BLOG

BLOG

Trigliserida

SEP 11, 2023

Lemak ini sering disamakan dengan kolesterol, padahal keduanya jenis yang berbeda. Kolesterol berasal dari metabolisme lemak dan berfungsi membangun jaringan dan sel, serta membentuk berbagai hormon. 

Sedangkan trigliserid adalah lemak berfungsi menyimpan kalori dan menyediakan energi untuk tubuh. Makanan yang kamu konsumsi adalah sumber utama terbentuknya lemak ini. 

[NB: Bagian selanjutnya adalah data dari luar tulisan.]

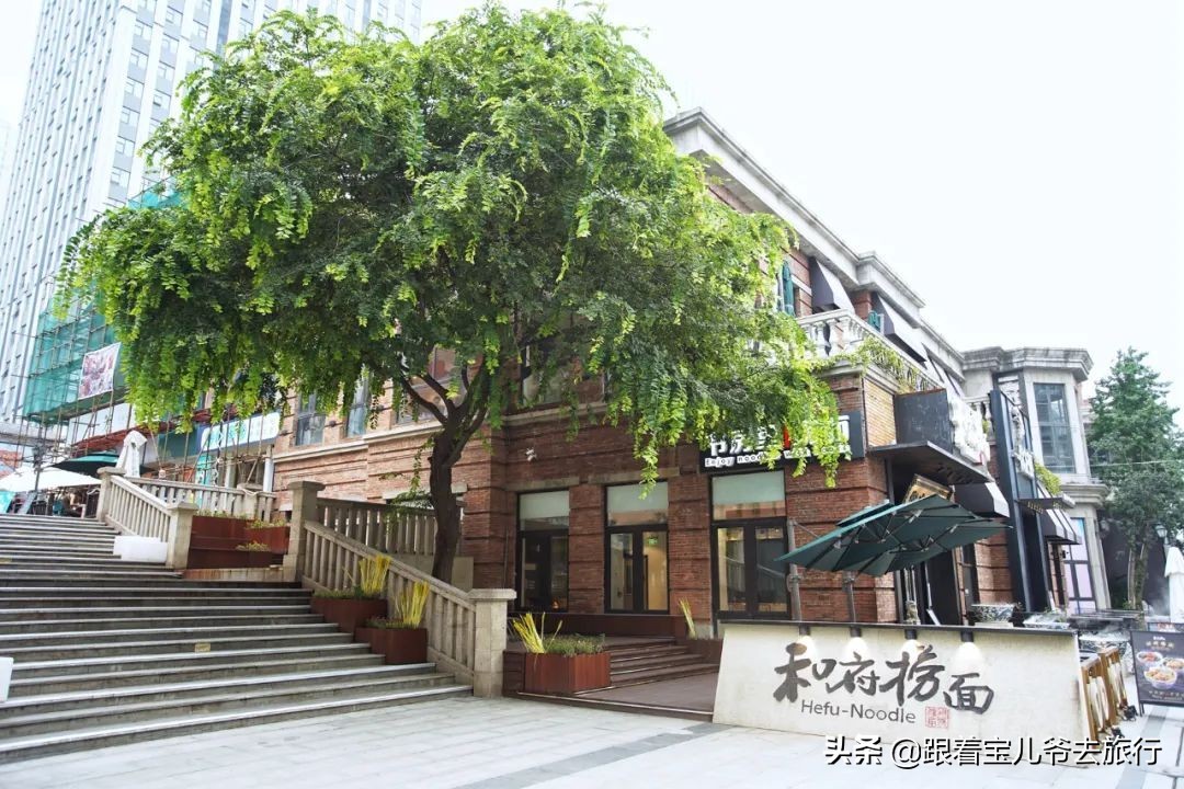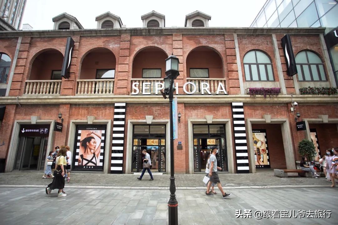 整条街道两侧,清一色民国建筑风格,其实也就是上个世纪初的欧式建筑风格,中间偶尔会夹杂一些现代化的建筑元素,摩登感强烈。

Meski berbeda, keduanya sama-sama tidak larut dalam darah. Dibutuhkan protein supaya kedua jenis lemak ini mengalir ke seluruh bagian tubuh.

 

Penyebab Kadar Trigliserida Tinggi

Tubuh membutuhkan jenis lemak ini dalam jumlah yang cukup. Kadar yang berlebihan dapat memicu berbagai masalah kesehatan. Tingginya kadar bisa disebabkan oleh penyakit genetik, pemakaian obat-obatan tertentu, mengidap kondisi medis hingga gaya hidup yang tidak sehat.

 

Faktor Risiko Trigliserida Tinggi

Peningkatan kadar trigliserida bisa dipicu oleh berbagai faktor. Beberapa diantaranya disebabkan oleh kondisi ini:

  1. Kelebihan karbohidrat
  2. Jarang berolahraga dapat membuat lemak semakin menumpuk.
  3. Alkohol mengandung gula dan kalori yang sangat tinggi. Mengonsumsi berlebihan dapat menambah simpanan lemak.
  4. Mengonsumsi makanan berlemak.
  5. Kebiasaan merokok dapat mengubah konsentrasi lemak dalam darah.

 

Gejala Trigliserida Tinggi

Kadar trigliserida tinggi tidak selalu menampakkan gejala, meski kadarnya cukup tinggi. Satu-satunya cara untuk mengetahui kadarnya adalah melalui tes darah.

 

The National Cholesterol Education Program menetapkan tingkat kadar trigliserida, yaitu:

  • Tingkat normal: Kurang dari 150 miligram per desiliter
  • Batas tinggi: 150 hingga 199
  • Tinggi: 200 hingga 499
  • Sangat tinggi: 500 atau lebih

Ketika kadarnya cukup tinggi, seseorang bisa mengalami gejala pankreatitis. Kondisi tersebut ditandai dengan nyeri hebat di bagian perut, demam, mual, muntah, dan kurang nafsu makan.

 

Pengobatan Trigliserida Tinggi

Kunci pengobatan trigliserida tinggi adalah menerapkan gaya hidup sehat. Perubahan hidup yang dianjurkan, antara lain:

  1. Berolahraga secara teratur setidaknya 30 menit setiap harinya. 
  2. Hindari gula dan karbohidrat olahan.
  3. Turunkan berat badan ke angka ideal dengan diet sehat.
  4. Kurangi lemak jenuh dan lemak trans.
  5. Batasi konsumsi alkohol.
  6. Berhenti merokok.
  7. Tidur yang berkualitas.
  8. Cukupi kebutuhan cairan tubuh.
  9. Kelola stres dengan baik.
  10. Jika perubahan di atas tidak cukup, dokter dapat meresepkan obat statin, niasin dan fibrat. Minyak ikan omega-3 juga direkomendasikan untuk menurunkan kadar lemak ini.

 

Pencegahan Trigliserida Tinggi

Langkah pencegahan trigliserida tinggi utamanya sama dengan pengobatan kondisi ini. Kamu perlu menerapkan gaya hidup sehat dan menghindari faktor-faktor yang meningkatkan kadar trigliserida.